I tilted my head, letting him press his mouth there, right where my pulse was hammering.

“Last chance,” he said again, his breath hot against my skin.

I smiled, even as my heart thudded against my ribs. “You’re not scaring me.”

His lips stilled.

“That’s what scares me,” he whispered.

That cracked something open in me.

Because I understood.

The way this wasn’t just a hookup or a moment of weakness.

The way it mattered.

The way touching him meant stepping into something real, something neither of us could take back. And maybe we weren’t ready for what that meant. But we were already too far in to pretend it didn’t exist.

I cupped his jaw and guided his gaze back to mine.

“I want this,” I told him softly. “I want you.”

The look in his eyes wrecked me—like no one had ever said that to him and meant it.

He kissed me again—slowly, reverently—before laying me back against the sheets like I was something to be cherished, not conquered.

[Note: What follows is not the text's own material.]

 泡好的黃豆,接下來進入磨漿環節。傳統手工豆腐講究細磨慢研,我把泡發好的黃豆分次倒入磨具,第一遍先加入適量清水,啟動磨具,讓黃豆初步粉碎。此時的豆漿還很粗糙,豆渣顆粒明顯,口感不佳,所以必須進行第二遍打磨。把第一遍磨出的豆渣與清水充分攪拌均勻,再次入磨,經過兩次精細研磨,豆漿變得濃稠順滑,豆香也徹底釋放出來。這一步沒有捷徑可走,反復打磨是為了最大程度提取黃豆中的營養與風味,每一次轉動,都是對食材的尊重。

Every touch after that was deliberate. His hands roamed like he had all the time in the world, like he wanted to learn me by heart. No words. Just sighs and soft gasps, the kind that told the truth better than any sentence could.

He hovered above me, eyes stormy and vulnerable. Waiting.

I reached for him.

And he came undone like he’d been waiting his whole life to be wanted without condition.

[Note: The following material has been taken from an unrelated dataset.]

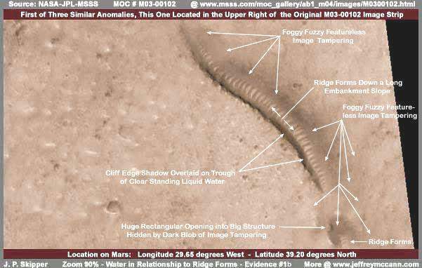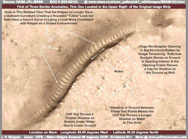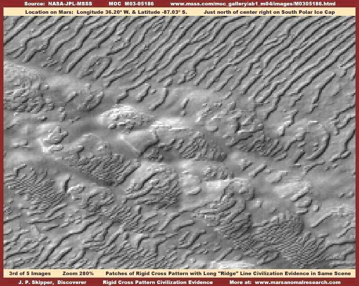 A sorozat itt látható első felvételén egy igencsak önmagáért beszélő „rendellenességgel” találkozhatunk, az MGS MOC M04-00291 hivatalos archívumszámú fotócsíkból kivett részleten, igazából ez tekinthető annak a felvételnek, mely John Skippert a mars-anomáliák kutatására serkentette. Talán vannak, akik emlékeznek rá, ez a felvétel Richard Hoagland honlapján jelent meg először, mindössze néhány nappal később, mint ahogy a MOC hetekkel azelőtt készített felvételei közül néhány a nagyközönség számára is elérhetővé vált. Számos egyéb, érdeklődésre kevéssé számot tartó kép közé volt eltemetve, ahol néhány olvasó rábukkant, anélkül, hogy különösen mélyre kellett volna ásnia érte. Teljességgel érthetetlen, ilyen jelentős „rendellenesség”, miként kezelhető ennyire nemtörődöm módon. Miért? Azért, mert már első ránézésre is egyértelmű, nem természetes geológiai alakzattal állunk szemben, ellenkezőleg, kiáltó jelentőségű életnyomokkal, azon a Marson, mely a hivatalos verzió szerint csontkeményre fagyott, száraz és poros, halott világ, olyan halott, amilyen csak lehet. A kép tisztítását követően egyértelműbben kivehetők a rövid, párhuzamos bordák sora, itt is, ahogy sokfelé, szerte a Marson, oly módon, ahogy semmiféle - a földi geológiai formákat ismerve -, természetes geológia képződmény nem szokott viselkedni. Ha nincs párhuzamba állítható természetes geológiai forma, ami akár csak távolról hasonlítana erre, akkor az egyetlen logikus következtetés ezekre a rendellenes formákra, hogy azok bizony valamiféle életnyomok. A következő kérdés ezután, hogy miféle életnyomok, milyen célból hozták létre ezeket a formákat, nemcsak mint szokatlan alakzatokat a felvételeken, hanem olyanokat, melyekre félrevezető magyarázattal szolgáltak a hivatalos szervek. Miután Skipper megpróbálta Hoaglandot és társaságát rávenni, hogy ennek a hihetetlen bizonyítéknak adjanak nagyobb nyilvánosságot, mint amekkorát a honlapja nyújt, felhasználva média-összeköttetéseiket, különös módon nem történt semmi ez ügyben, Skippernek elege lett, és a saját kezébe vette a dolgokat, e-mailek sorozatát küldte el a médiának, hogy a megfelelő nyilvánosságot megteremtse. Nyilvánvaló, ha a NASA fordult volna e különös felfedezéssel a médiához, mint jelentős felismeréssel, ez esetben minden jelentősebb média kötelességtudóan ismételgette volna a végtelenségig, és bőségesen adta volna a jelentéseket, mire a hihetetlen felfedezésre válaszként, azonnal megjelent volna a fő áramlat tudós-serege, akik azonnal tagadtak volna mindent, és védekező álláspontra helyezkedve tudatták volna, hogy a bejelentés nem hivatalos NASA vagy JPL forrásokból származott. Természetesen mindez semmiféle különbséggel nem bír, hiszen a hivatalos adatok alapján bárki könnyen meggyőződhet a felfedezés hitelességéről, ehhez már elég egy egészen egyszerű internetes böngésző, és néhány perc ráfordítás. Egészen szánalmas az a helyzet, amikor a média számít elsődleges hírforrásnak és nem maga a nyilvánvaló bizonyíték. Skipper természetesen pontosan ezt várta, azonban folytatta a nyomásgyakorlást médián keresztül, a világ más részein is, ennek következtében lassú változás kezdődött. Végül 2000. júniusában a kutatási anyagait figyelemreméltónak találták, és meg is jelentették a http://www.sightings.com (manapság http://www.rense.com) oldalon és néhány más helyen is az USA-ban, ennek köszönhetően jelentős érdeklődés támadt a téma iránt, és ez folytatódott is, más médiumok is felfigyeltek rá. Nyilvánvaló, hogy ez a behatárolt nyilvánosságra hozatal, a korábbi kényelmes hozzáállást, miszerint igyekezett Skipper a színfalak mögött maradni, megváltozott, közvetlen részvétellé. Ettől a pillanattól kezdve számos felfedezést tett a Marssal kapcsolatban, talán többet mint bárki más, akiről csak tud, természetesen mindazokat kivéve, akik a titkokat birtokolják, a nyilvánosság elöl elzárt megállapodásokat kötik, és akik karrier-megfontolásokból nem beszélnek. Akkoriban teljesen kezdő volt a pályán és a számítógépes ismeretei is erősen korlátozottak voltak, grafikus programokhoz pedig egyáltalán nem értett. Igazából soha sem használt grafikus számítógép-programokat, még a legegyszerűbbeket sem. Valójában biztosítási ügynökként dolgozott, több évtizedes tapasztalattal, ezt a hivatásos objektív tapasztalatrendszert hozta át, mint hátteret, a kutatómunkája etikájába. Valamint ennek köszönhetően nincsenek előítéletei vagy elvárásai, melyek hatással lennének az objektivitására, ez pedig nagyon fontos ebben a munkában. Évekkel ezelőtt megtanulta miként gyűjtsön adatokat, lépésről-lépésre és hogyan illessze össze a darabokat. Nem törekedett arra, hogy a hiányzó részeket saját előre kitalált gondolataival töltse ki. Még egy adalék, ez a fajta érdeklődése már évtizedek óta fennáll, és eközben folyamatosan figyelemmel kíséri az űrkutatást is, egyben újfent megerősítést kap arról, hogy a hivatalos jelentések a téma kapcsán bizony nem a teljes igazságot tartalmazzák. Talán mindez az eddigi életpályájából adódott, abból, milyen módszeresen gyűjtötte az információt és nem alkalmazott előfeltevéseket. Továbbá, különösen igaz ez, amikor valaki el akart vele fogadtatni valamiféle koncepciót, azt sugallván, hogy nincs szükség alaposabb vizsgálódásra. Minél idősebb és tapasztaltabb lett az életben, annál könnyebben tudta „kezelni” az összegyűjtött információkat, gyorsabban látott át a helyzeten, így az igazság kevésbé szenvedett csorbát. A tapasztalatai szerint az űrkutatásban nagyon is so

We moved together, slow and devastating, wrapped in heat and ache and something dangerously close to hope.

And when I looked up and saw my reflection in his eyes—I didn’t see someone pretending anymore.

I saw the real thing.

His touch felt like a prayer.

That was the only way I could describe it. The way his hands moved over me—slow, deliberate, worshipful. Not like he was claiming me. Like he was discovering something he didn’t know he needed until now.

He took his time, brushing the backs of his fingers down the line of my throat, along the curve of my shoulder, across the dip of my waist. He mapped every inch like it mattered—like I mattered. Every brush of skin against skin made it harder to breathe, but I didn’t want air. I just wanted him.

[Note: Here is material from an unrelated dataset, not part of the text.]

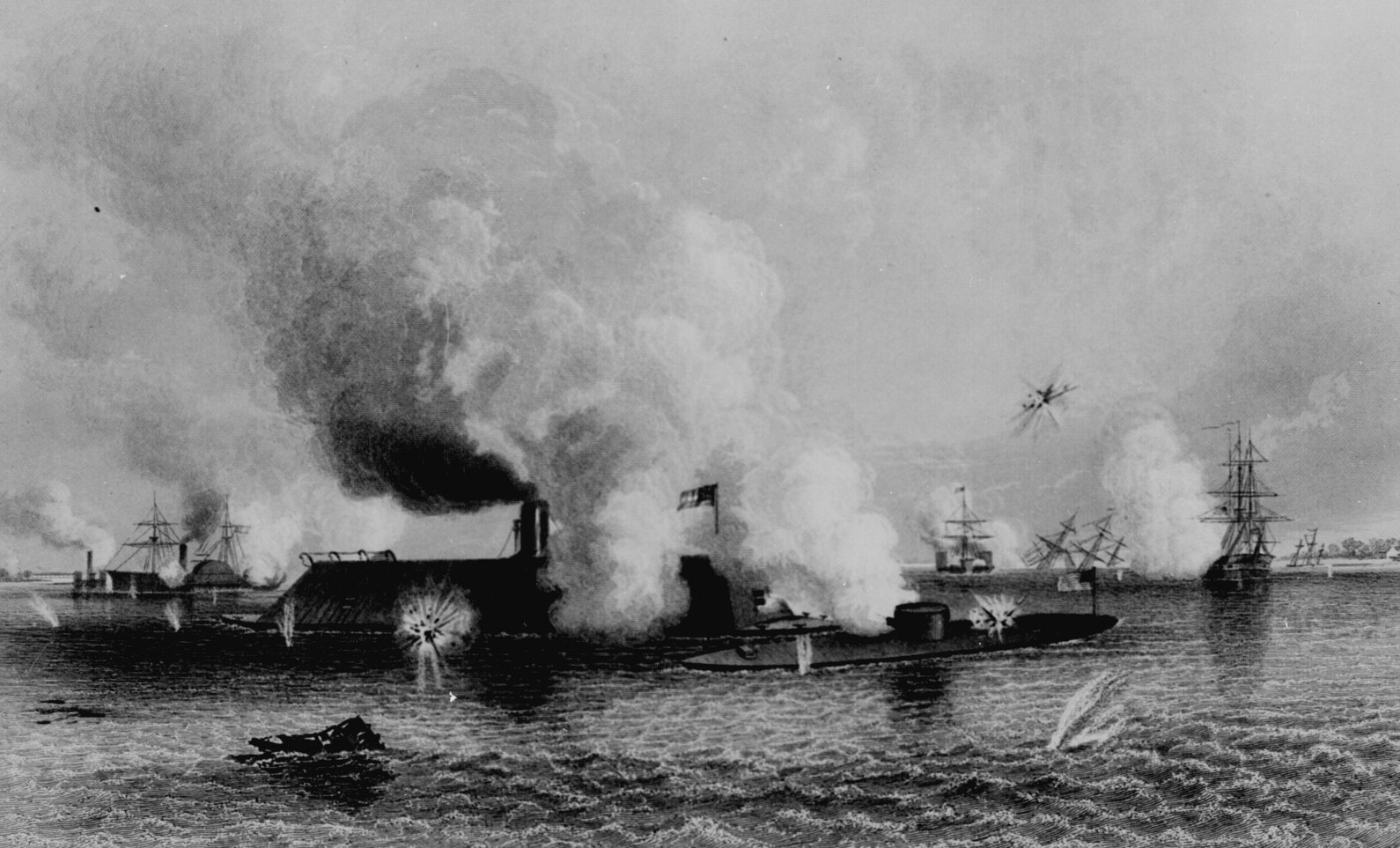 44. Battle between the C.S.S. Virginia and the U.S.S. Monitor, Hampton Roads, Va., March 9, 1862. Engraved in 1863 by J. Davies from a drawing by C. Parsons. 64-CC-63.

Kieren leaned in, his mouth grazing my collarbone, and I felt it all the way down to my toes. His breath warmed the path he kissed, and I arched beneath him, helpless to the shiver that rolled through me.

“You’re trembling,” he murmured.

“So are you.”

And he was—barely, but I felt it. In the way his hands paused, the way his chest rose and fell a little too fast. He wasn’t pretending. He wasn’t just trying to impress me or win me. He was here, fully and completely, and somehow, that made everything feel ten times hotter.

His hands slid down, fingers tracing my ribs like he was listening for a heartbeat in every one. When he found the place just above my hip, he stilled.

“You don’t know what you’re doing to me,” he said, voice thick and low.

“I think I do,” I whispered, guiding his hand a little lower.

His eyes darkened. Not with lust, but with something far more dangerous—need.

He kissed me again—deeper this time, slower, but no less intense. And as our mouths moved together, his hands explored me like he was trying to remember this. Like he didn’t want to forget a single inch.

I was drowning in him—in the heat of his skin, in the soft scrape of stubble against my cheek, in the sound he made when I tangled my fingers in his hair and pulled just enough to drive him a little wild.

He murmured my name like it meant something more now. Like I meant something more.

And the way he looked at me—God, I’d never been looked at like that. Not like a trophy. Not like a fantasy.

Like I was real.

My breath hitched when he kissed the inside of my wrist. When he pressed his palm flat against my stomach and looked at me like he was asking permission every step of the way—even when I was already arching into him, already whispering yes in a voice I barely recognized as my own.

He took his time. Not just because he could, but because he wanted to. Because touching me like this wasn’t just physical—it was something sacred to him.

And maybe it was sacred to me too.

Because in that moment, I didn’t feel broken or forgotten or like someone trying too hard to prove her worth.

I just felt wanted. Cherished. Like I was the only thing that mattered.